In the case mentioned in the text, health insurance is often provided depending on a potential client’s current physical condition. In other words, insurance protect themselves from covering individuals who may be what they consider to be a liability. This example is a clear cut demonstration of how the insurance company protects its own assets by “conditions precedent”(Clarkson, Miller & Cross, 2011). Conditions subsequent strikes me as a bit more abstract of a concept than condition precedent, by virtue of its inherently negative nature.

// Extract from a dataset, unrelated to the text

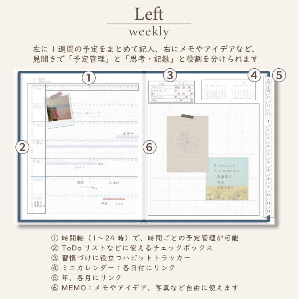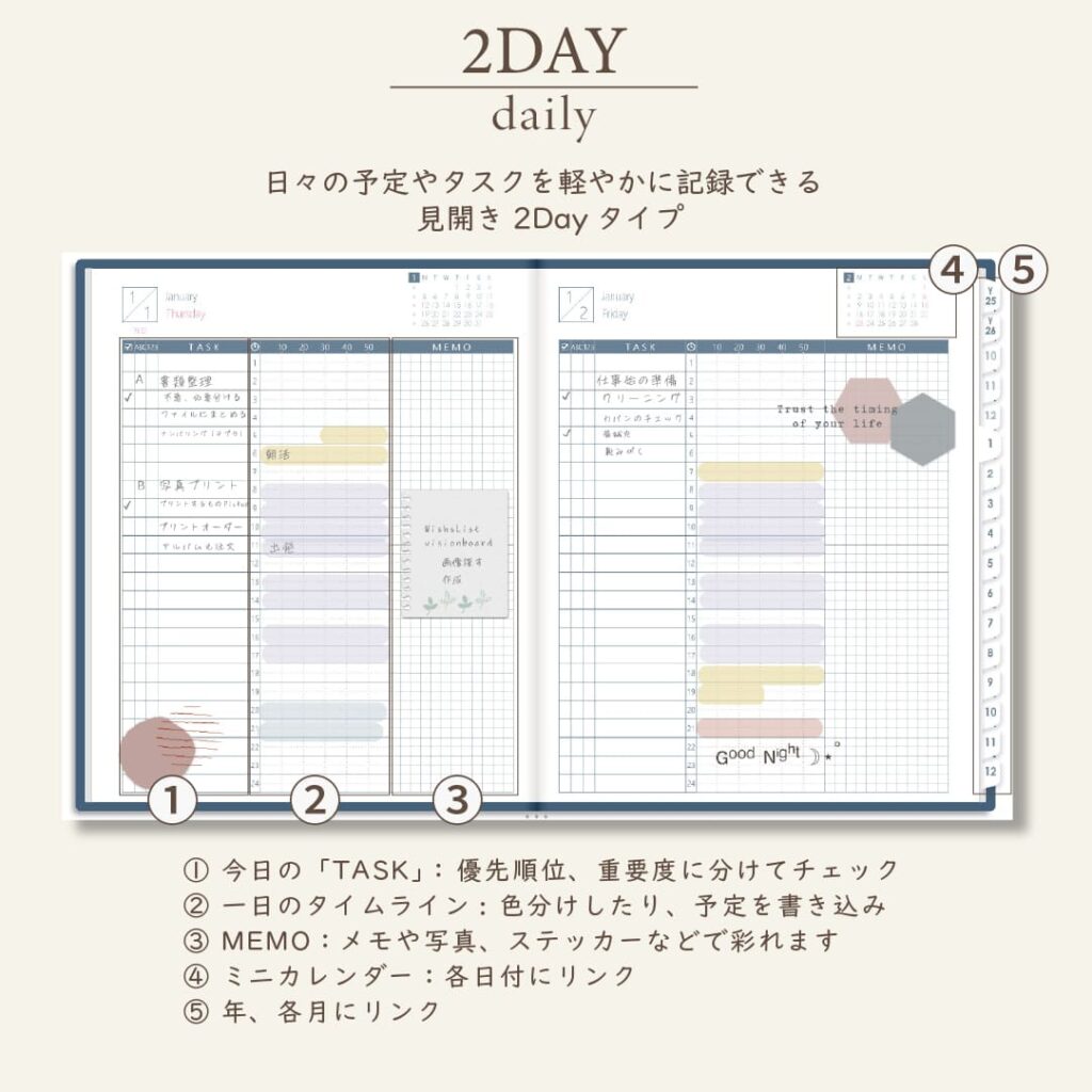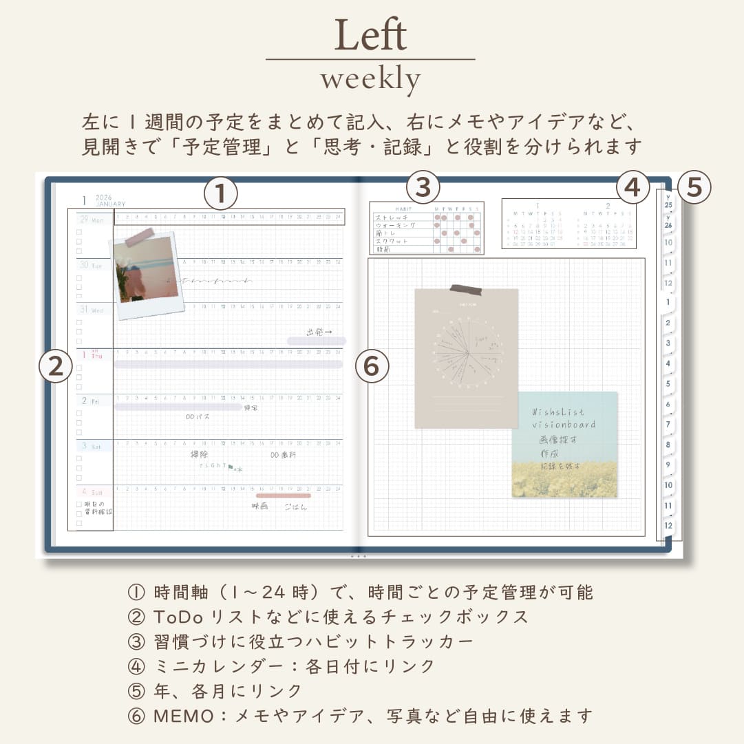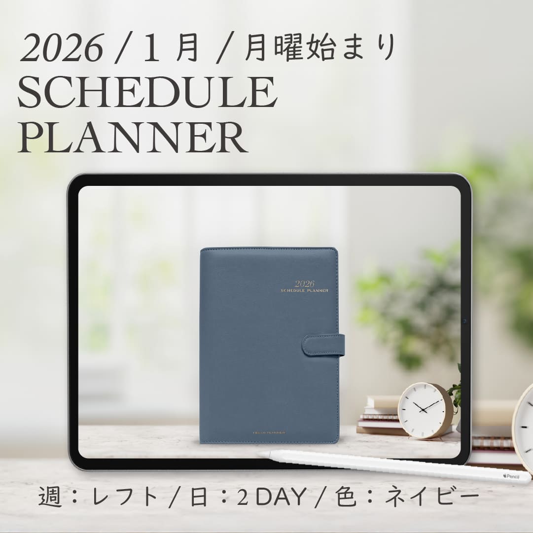 2026年1月始まりスケジュールプランナー[月曜始まり/週:レフト/日:2DAY/色:ネイビー]

Put another way, one party’s obligation may be terminated based on the failure of the second party to maintain it’s side of the contract. As it applies to employment, and as was mentioned within the text, an employer may agree to enter into a contract with an employee so long as the employee maintains his or her license to practice (i. e. perform a task to the company’s benefit). In a situation where the employee fails to maintain his/her end of the agreement (loses license, fails to maintain condition, etc. the company is no longer under contract to continue employing that individual (Clarkson, Miller & Cross, 2011). The benefit lies largely with the company-protecting its own assets, as it would not be beneficial to have a lawyer on staff incapable of maintaining a license to practice law. On the other hand, the employee may be able to see a definite benefit as well. He or she knows that the position is hers as long as she meets and maintains her side of the contract. Lastly, concurrent conditions, strike me as being the most common conditions we’re likely to come across.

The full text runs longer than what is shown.